Much saving had made him miserly. Old Therese, the woman with the
fish-cart, used to say that he was the stingiest man in all Tourraine.
She ought to know, for she had sold him a fish every Friday during all
those twenty years, and he had never once failed to quarrel about the
price. Five years had gone by since the master's last visit. Brossard
and Henri were not likely to forget that time, for they had been
awakened in the dead of night by a loud knocking at the side gate. When
they opened it the sight that greeted them made them rub their sleepy
eyes to be sure that they saw aright.
There stood the master, old Martin Ciseaux.

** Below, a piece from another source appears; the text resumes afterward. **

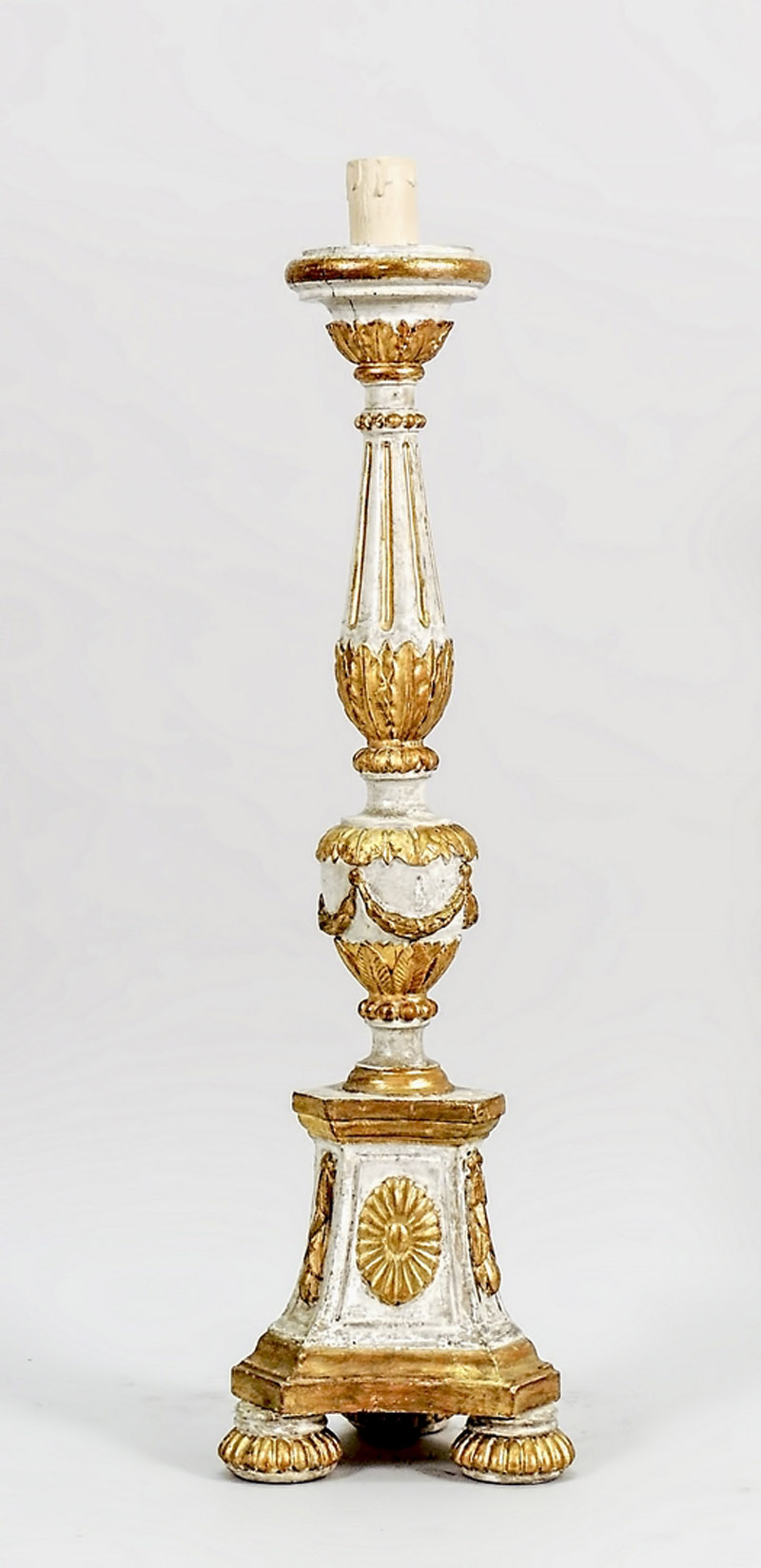 TORCIERA IN LEGNO LACCATO E DORATO - LACQUERED AND GILTWOOD PRICKET XIX secolo - 19th Century fusto tornito a balaustro, intagliato con foglie d'alloro e ghirlande, base a tripode con rosoni, su tre piedini a palla schiacciata baccellata h cm 71,5

His hair and fiercely
bristling mustache had turned entirely white since they had last seen
him. In his arms he carried a child.
Brossard almost dropped his candle in his first surprise, and his wonder
grew until he could hardly contain it, when the curly head raised itself
from monsieur's shoulder, and the sleepy baby voice lisped something in
a foreign tongue.
"By all the saints!" muttered Brossard, as he stood aside for his master
to pass.
"It's my brother Jules's grandson," was the curt explanation that
monsieur offered. "Jules is dead, and so is his son and all the
family,--died in America. This is his son's son, Jules, the last of the
name. If I choose to take him from a foreign poorhouse and give him
shelter, it's nobody's business, Louis Brossard, but my own.